Tuesday 1 October 2013

The King's Demons

Gerald Flood as bad King John
Some stories don’t need as many words to sum up as others. This is one of those stories. ‘The King’s Demons’ is Terence ‘it’s only Doctor Who’ Dudley’s last script for the show thankfully. It’s starts well enough, King John (Gerald Flood) is visiting a castle in the north of England somewhere even though he is also in London. The King is in fact Kamelion, a robot the Master found of Zeraphax who can change his appearance. Hence the name.
Can you see through the disguise?
It’s a two-parter, which don’t appear to work very well in the Davison era. Come the 15-minute mark of the second episode the writer seems to realise that there’s very little time left and everything gets wrapped up as quickly as possible. The Master spends most of the first episode disguised (badly) as a the King’s (French) champion. So far in every Davison story he’s appeared in he’s had a disguise. Groan. Gerald Flood hams it to the max. Tegan complains how cold it is for pretty much the entire story. The locals hate then like then hate the Doctor again. But no connection with any character is made by the Doctor or his companions. Turlough does very little.

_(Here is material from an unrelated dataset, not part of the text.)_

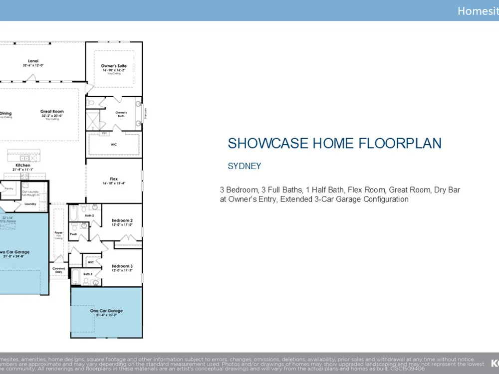 **NEW CONSTRUCTION** Entertainers will love the Sydney for its spacious open layout that accommodates gatherings of any size. The home welcomes plenty of natural light through its many large windows overlooking the Lanai. The Dining and Great Room offers plenty of room for formal dining, while the large 'eat-in' Kitchen Island provides a more casual dining experience. The spacious Owner's Suite features tray ceilings, an oversized shower, dual quartz vanities, and a large walk-in closet. All Bedrooms feature en Suite Baths, and both Secondary Bedrooms are located in the front of the home, separated from the main living area by a large, dynamic Flex Room.

The Doctor and Master grapple for control over Kamelion.

It’s not the worst of the season, it has a good look, sets are solid, costumes fantastic, but at two episodes and a very weak plotline – the Master wants to change history by preventing Magna Carta from being signed, so he’s trying to discredit King John by having Kamelion do wacky things, this story falls far short of what it could have been. In fact it still has me going until the reveal of the robot, which was a real robot, albeit one that didn’t work very well.
Characters are somewhat one-dimensional, but solidly played except for flood who goes too far
camping it up like crazy. As the Master’s only appearance this season, and his previous story ‘Time-Flight’ (which this story references without explaining how the Master escaped) I would have hoped for better for Anthony Ainley. Very hard it seems to tell a good story over two parts.